For months, both chambers have toiled with separate versions of legislation that combines a wide swath of tough-on-China measures put forward by lawmakers.
In June, the Senate passed the $250 billion USICA, which combined several bills into a 2,276 page China catchall. Eighteen Republicans and all 50 Democrats voted in favor of the bill.
The House version, on the other hand, has been plagued by months of stalled negotiations.
Last month, Mr. Schumer of New York and Mrs. Pelosi of California announced that the two chambers had begun the process of smoothing out differences between the two bills. They vowed to “deliver a final piece of legislation to the president’s desk as soon as possible.”
Few signs of progress have emerged as party leaders have had to scramble to avoid a government shutdown, raise the debt ceiling and move on Mr. Biden’s social welfare spending package before year-end.
Hashing out the differences between the two versions could take months.
Despite the stalled progress on the bills, Congress’ hard-line stance toward China has not gone unnoticed by Beijing. And any new legislation is sure to face an onslaught of pushback.

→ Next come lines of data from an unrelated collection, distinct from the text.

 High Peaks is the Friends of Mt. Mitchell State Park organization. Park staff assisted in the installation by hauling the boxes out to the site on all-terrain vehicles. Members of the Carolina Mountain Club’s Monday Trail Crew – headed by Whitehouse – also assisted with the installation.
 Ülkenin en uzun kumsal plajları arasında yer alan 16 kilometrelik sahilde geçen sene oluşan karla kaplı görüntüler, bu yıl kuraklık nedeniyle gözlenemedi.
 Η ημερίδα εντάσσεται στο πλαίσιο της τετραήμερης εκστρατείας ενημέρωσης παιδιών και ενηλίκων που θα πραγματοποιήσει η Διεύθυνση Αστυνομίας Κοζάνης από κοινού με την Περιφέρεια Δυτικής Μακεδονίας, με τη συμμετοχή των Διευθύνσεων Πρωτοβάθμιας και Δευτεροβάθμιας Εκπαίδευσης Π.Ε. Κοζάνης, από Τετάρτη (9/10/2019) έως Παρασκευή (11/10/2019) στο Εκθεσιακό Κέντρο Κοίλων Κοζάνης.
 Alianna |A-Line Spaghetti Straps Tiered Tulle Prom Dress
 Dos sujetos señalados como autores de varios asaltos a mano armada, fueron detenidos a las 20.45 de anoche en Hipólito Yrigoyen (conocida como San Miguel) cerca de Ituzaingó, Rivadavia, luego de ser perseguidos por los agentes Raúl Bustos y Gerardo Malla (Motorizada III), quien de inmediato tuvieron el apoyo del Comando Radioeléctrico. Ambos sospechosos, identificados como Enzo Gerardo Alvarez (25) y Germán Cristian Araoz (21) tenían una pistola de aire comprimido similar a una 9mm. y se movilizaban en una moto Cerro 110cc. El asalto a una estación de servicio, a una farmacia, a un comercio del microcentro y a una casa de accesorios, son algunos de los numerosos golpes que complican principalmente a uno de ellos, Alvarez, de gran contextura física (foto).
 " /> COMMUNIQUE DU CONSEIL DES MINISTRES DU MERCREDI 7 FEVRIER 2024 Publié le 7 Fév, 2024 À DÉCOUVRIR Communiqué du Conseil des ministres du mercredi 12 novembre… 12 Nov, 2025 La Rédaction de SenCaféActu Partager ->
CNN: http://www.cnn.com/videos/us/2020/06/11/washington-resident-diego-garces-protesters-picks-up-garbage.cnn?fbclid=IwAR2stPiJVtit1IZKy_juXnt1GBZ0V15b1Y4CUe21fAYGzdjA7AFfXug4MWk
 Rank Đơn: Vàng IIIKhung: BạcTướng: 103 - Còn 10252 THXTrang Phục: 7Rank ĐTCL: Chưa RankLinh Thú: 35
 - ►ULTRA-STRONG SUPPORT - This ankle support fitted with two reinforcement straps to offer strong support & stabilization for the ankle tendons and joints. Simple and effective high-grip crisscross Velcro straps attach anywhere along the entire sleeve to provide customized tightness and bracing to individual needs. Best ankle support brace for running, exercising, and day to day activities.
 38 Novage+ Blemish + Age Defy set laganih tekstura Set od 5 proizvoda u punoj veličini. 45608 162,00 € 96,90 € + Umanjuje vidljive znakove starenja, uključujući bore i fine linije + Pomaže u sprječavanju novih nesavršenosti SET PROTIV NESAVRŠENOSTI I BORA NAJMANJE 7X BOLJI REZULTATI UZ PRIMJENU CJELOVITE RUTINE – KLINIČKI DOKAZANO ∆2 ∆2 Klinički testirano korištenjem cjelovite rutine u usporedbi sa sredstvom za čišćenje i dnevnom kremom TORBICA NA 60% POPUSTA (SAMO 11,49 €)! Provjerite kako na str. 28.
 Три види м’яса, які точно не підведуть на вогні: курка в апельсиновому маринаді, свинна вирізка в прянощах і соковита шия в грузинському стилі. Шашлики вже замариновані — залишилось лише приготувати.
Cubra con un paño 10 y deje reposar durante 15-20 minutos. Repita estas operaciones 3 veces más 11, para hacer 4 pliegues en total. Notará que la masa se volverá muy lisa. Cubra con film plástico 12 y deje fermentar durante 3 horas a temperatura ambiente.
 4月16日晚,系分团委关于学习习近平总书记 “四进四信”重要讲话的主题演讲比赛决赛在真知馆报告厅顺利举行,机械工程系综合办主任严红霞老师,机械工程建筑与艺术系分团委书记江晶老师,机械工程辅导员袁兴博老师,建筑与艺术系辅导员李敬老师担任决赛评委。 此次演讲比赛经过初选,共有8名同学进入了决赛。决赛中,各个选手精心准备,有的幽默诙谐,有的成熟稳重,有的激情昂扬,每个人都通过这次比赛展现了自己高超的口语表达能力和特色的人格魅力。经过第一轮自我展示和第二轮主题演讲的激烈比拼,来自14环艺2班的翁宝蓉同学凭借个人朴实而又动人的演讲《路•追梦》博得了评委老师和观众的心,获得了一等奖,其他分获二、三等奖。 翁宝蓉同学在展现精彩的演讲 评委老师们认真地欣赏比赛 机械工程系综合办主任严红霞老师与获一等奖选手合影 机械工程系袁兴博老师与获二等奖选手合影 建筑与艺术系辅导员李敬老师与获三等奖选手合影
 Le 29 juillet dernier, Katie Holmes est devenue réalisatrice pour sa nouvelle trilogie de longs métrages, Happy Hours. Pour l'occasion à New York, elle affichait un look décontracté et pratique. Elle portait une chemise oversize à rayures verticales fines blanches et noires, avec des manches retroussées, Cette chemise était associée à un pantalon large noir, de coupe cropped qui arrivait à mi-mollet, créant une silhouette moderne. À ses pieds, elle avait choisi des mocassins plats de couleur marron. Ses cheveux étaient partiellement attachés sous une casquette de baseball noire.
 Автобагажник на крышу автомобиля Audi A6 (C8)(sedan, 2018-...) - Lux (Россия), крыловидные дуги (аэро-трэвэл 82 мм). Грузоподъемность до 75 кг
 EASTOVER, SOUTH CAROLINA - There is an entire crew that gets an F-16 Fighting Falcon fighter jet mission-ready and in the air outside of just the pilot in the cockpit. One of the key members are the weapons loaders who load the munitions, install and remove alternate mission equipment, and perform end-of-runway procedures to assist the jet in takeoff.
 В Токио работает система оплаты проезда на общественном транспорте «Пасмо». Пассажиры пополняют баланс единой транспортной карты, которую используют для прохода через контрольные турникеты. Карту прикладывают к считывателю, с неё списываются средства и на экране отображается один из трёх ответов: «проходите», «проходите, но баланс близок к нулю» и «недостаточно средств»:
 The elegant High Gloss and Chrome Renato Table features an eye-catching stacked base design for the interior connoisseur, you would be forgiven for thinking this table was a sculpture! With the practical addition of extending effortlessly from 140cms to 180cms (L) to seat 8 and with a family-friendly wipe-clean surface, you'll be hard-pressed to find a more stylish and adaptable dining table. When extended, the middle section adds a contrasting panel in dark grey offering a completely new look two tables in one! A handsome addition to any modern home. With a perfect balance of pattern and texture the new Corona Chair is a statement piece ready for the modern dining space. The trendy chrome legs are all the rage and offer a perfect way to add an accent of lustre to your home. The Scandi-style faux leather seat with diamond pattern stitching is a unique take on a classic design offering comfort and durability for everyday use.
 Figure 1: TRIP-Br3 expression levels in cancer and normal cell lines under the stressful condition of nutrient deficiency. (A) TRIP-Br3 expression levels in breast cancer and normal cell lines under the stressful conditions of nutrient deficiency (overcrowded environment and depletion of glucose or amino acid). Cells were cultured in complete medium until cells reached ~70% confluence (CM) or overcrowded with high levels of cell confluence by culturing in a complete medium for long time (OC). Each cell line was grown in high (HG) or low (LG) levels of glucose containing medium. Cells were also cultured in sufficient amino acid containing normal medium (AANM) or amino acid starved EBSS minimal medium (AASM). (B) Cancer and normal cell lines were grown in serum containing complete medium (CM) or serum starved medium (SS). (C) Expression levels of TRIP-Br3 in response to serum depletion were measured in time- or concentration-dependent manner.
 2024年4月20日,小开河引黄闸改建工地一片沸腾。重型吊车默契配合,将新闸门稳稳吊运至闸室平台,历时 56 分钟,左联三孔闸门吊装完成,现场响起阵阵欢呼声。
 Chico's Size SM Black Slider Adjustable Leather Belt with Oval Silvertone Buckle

Last month, Reuters reported that officials from China’s embassy in Washington sent letters to U.S. executives and business groups pressuring them to lobby against bills being floated in Congress to boost U.S. competitiveness against China.
The letters warned that U.S. companies would lose market share in China should those bills become law.
The three bills that did pass both chambers in 2021 went after Chinese tech, bolstered U.S. military posture in the Pacific and restricted imports of products made with Chinese forced labor.
The House and Senate also approved some resolutions in 2021 that expressed the sense or opinion of one of the chambers but did not set policy or trigger government action.
The House passed two resolutions, one condemning the genocide against Uyghur Muslims and another condemning the Chinese Communist Party’s crackdown in Hong Kong. The Senate passed one resolution expressing the need to conduct a comprehensive investigation into the origins of COVID-19.